Paul Rochester

No. 72, 73
- Position: Defensive tackle

Personal information
- Born: July 15, 1938 Lansing, Michigan, U.S.
- Died: June 7, 2020 (aged 81) Jacksonville, Florida, U.S.
- Listed height: 6 ft 2 in (1.88 m)
- Listed weight: 255 lb (116 kg)

Career information
- High school: Sewanhaka (NY)
- College: Michigan State
- NFL draft: 1960: undrafted

Career history
- Dallas Texans/Kansas City Chiefs (1960–1963); New York Jets (1964–1969);

Awards and highlights
- AFL All-Star (1961); 2× AFL champion (1962, 1968); Super Bowl champion (III);

Career NFL statistics
- Games played: 132
- Fumble recoveries: 2
- Sacks: 1
- Stats at Pro Football Reference

= Paul Rochester =

American football player (1938–2020)

Paul "Rocky" Rochester (July 15, 1938 – June 7, 2020) was an American professional football player who was a defensive tackle in the American Football League (AFL). He played for the Dallas Texans/Kansas City Chiefs (1960–1963) and the New York Jets (1964–1969). He played college football at Michigan State University.

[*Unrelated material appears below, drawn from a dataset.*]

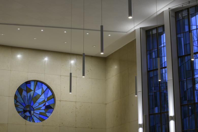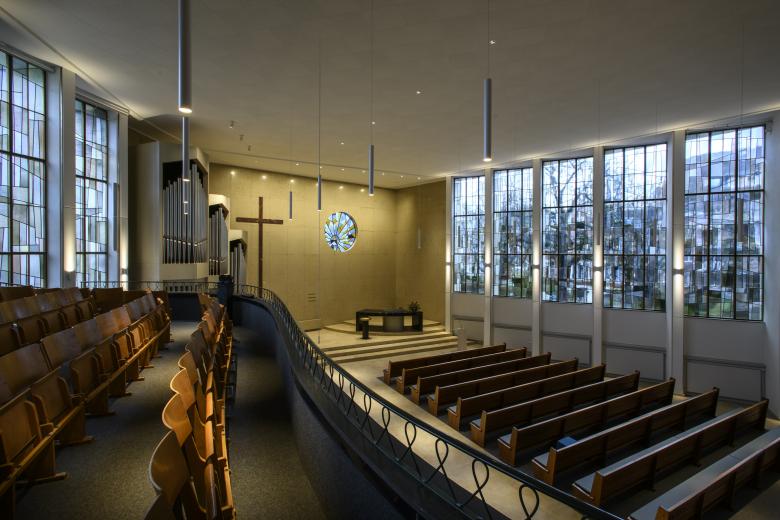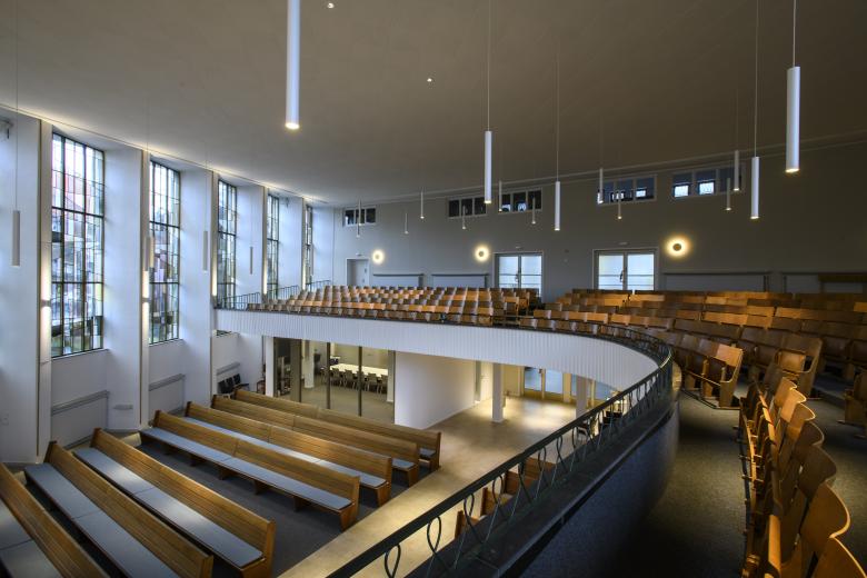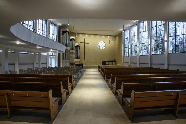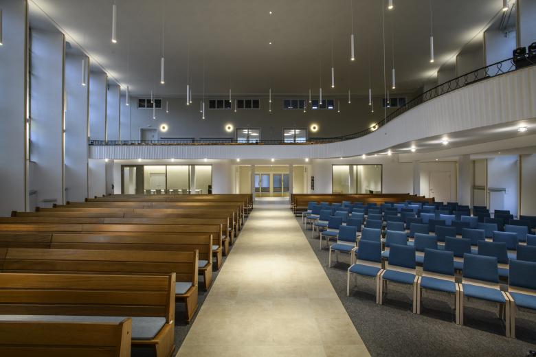 Nach nunmehr 65 Jahren Nutzungsdauer wurde das Bauwerk im Rahmen einer umfassenden Sanierung und Modernisierung – in enger Abstimmung mit dem zuständigen Denkmalschutzamt – erneut an den zeitgemäßen Gemeindebetrieb angepasst. Notwendige Einbauten wurden sensibel in die bestehende Innenarchitektur und Raumkonfiguration integriert. Hier sind vor allem die neuen Familienräume im Erdgeschoss zu nennen.

He was an AFL All-Star in 1961, and he earned an AFL Championship ring with the New York Jets in 1968 and had the only sack of the game; as well as a World Championship with the Jets after the 1968 season, when he was team co-captain in the Jets' upset of the heavily favored NFL Champion Baltimore Colts. Rochester is one of only twenty players who played the entire ten years of the AFL's existence.